# Natural Language Processing
## Dependencies
First,  install the following dependencies:

In [None]:
!pip install datasets scikit-learn huggingface_hub transformers==4.37.2 evaluate accelerate

## Dataset
We are going to use the IMDB dataset for sentiment classification

In [1]:
from datasets import load_dataset

dataset = load_dataset("imdb")
dataset

DatasetDict({
    train: Dataset({
        features: ['text', 'label'],
        num_rows: 25000
    })
    test: Dataset({
        features: ['text', 'label'],
        num_rows: 25000
    })
    unsupervised: Dataset({
        features: ['text', 'label'],
        num_rows: 50000
    })
})

## Subset generation
For the sake of this example, we are going to use a subset of the dataset.

In [2]:
dataset_subset = dataset['train'].train_test_split(test_size=0.2, stratify_by_column='label', shuffle=True, seed=42)['test']
dataset_subset, dataset_subset.to_pandas()['label'].value_counts(),

(Dataset({
     features: ['text', 'label'],
     num_rows: 5000
 }),
 label
 0    2500
 1    2500
 Name: count, dtype: int64)

In [3]:
dataset['train'] = dataset_subset
dataset

DatasetDict({
    train: Dataset({
        features: ['text', 'label'],
        num_rows: 5000
    })
    test: Dataset({
        features: ['text', 'label'],
        num_rows: 25000
    })
    unsupervised: Dataset({
        features: ['text', 'label'],
        num_rows: 50000
    })
})

## The Naive Bayes Classifier in a Nutshell
We treat the possibility of a word appearing in a document as independent from the possibility of another word appearing in the same document. This is a naive assumption, but it allows us to simplify the calculation of the probability of a document belonging to a class.

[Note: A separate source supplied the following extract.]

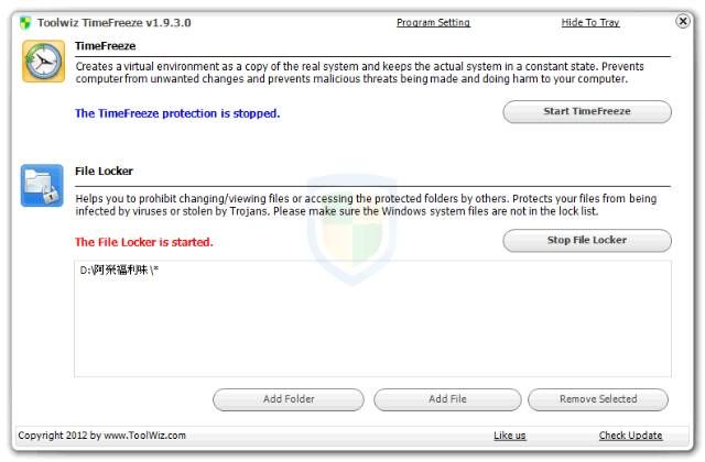 免費電腦軟體還原卡 - ToolWiz Time Freeze,有「Time Freeze」跟「File Locker」兩大功能,「Time Freeze」功能啟動後,會把所有電腦的異動(如:安裝移除軟體)都暫存起來,當停止該功能時,可以選擇儲存或者還原!「File Locker」可以保護資料夾或檔案,經保護後會拿掉檔案的變更跟讀取權限,以防止病毒感染或檔案安全;另外,軟體介面可以設定密碼保護,以防止他人變更設定。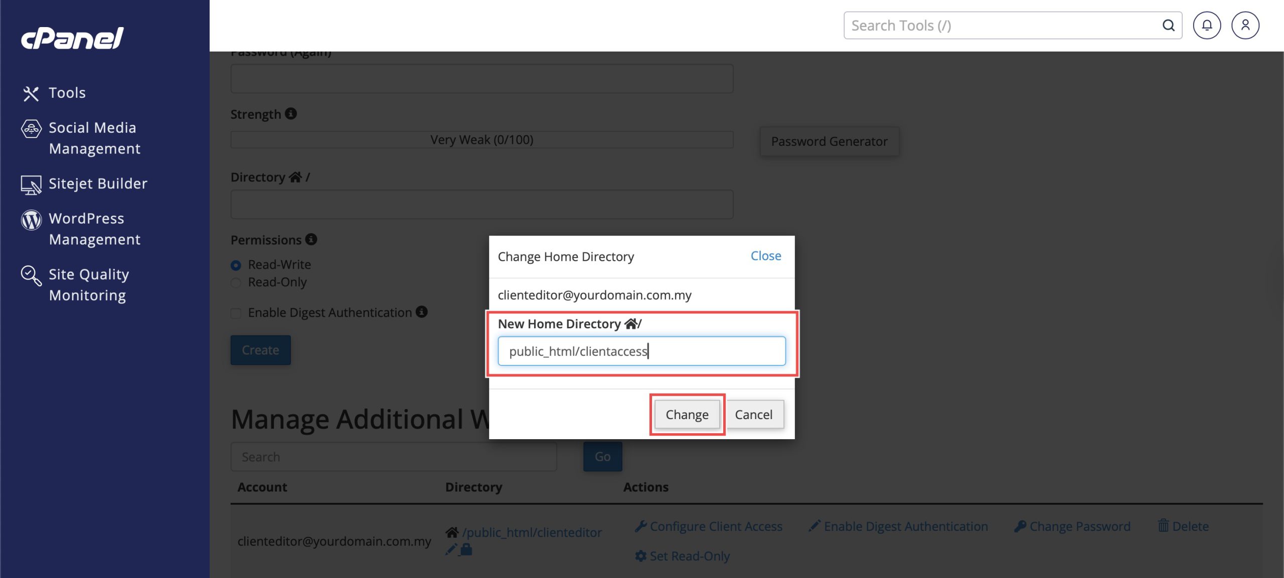 How to Change Additional Web Disk Account’s Assigned Directory in cPanel

### Mathematical Formulation

Given a document $D$ with words $w_1, w_2, ..., w_n$ and a set of classes $C$, the Naive Bayes classifier computes the posterior probability of each class $c \in C$ given the document $D$, $P(c | D)$, as follows:

$$P(c | D) = \frac{P(c) \prod_{i=1}^{n} P(w_i | c)}{P(D)}$$

where:
- $P(c | D)$ is the posterior probability of class $c$ given document $D$,
- $P(c)$ is the prior probability of class $c$,
- $P(w_i | c)$ is the likelihood of word $w_i$ given class $c$,
- $P(D)$ is the probability of document $D$, which acts as a normalizing constant.

Since $P(D)$ is the same for all classes, we focus on maximizing $P(c) \prod_{i=1}^{n} P(w_i | c)$.

### Handling Out-of-Vocabulary Words with Laplace Smoothing

A challenge in applying Naive Bayes to text classification is dealing with Out-of-Vocabulary (OOV) words—words present in the test set but not seen during training. To address this, we use Laplace smoothing, which adjusts the likelihood calculation to ensure no zero probabilities.

#### Laplace Smoothing Formula

The modified formula for $P(w_i | c)$ with Laplace smoothing is:

$$P(w_i | c) = \frac{N_{w_i, c} + \alpha}{N_c + \alpha \times |V|}$$

where:
- $N_{w_i, c}$ is the count of times word $w_i$ appears in documents of class $c$,
- $N_c$ is the total count of all words in documents of class $c$,
- $|V|$ is the size of the vocabulary,
- $\alpha$ is the smoothing parameter (typically set to 1 for add-one smoothing).

This adjustment ensures that every word, including those not seen during training, contributes to the probability calculations, allowing the classifier to make predictions even in the presence of new words.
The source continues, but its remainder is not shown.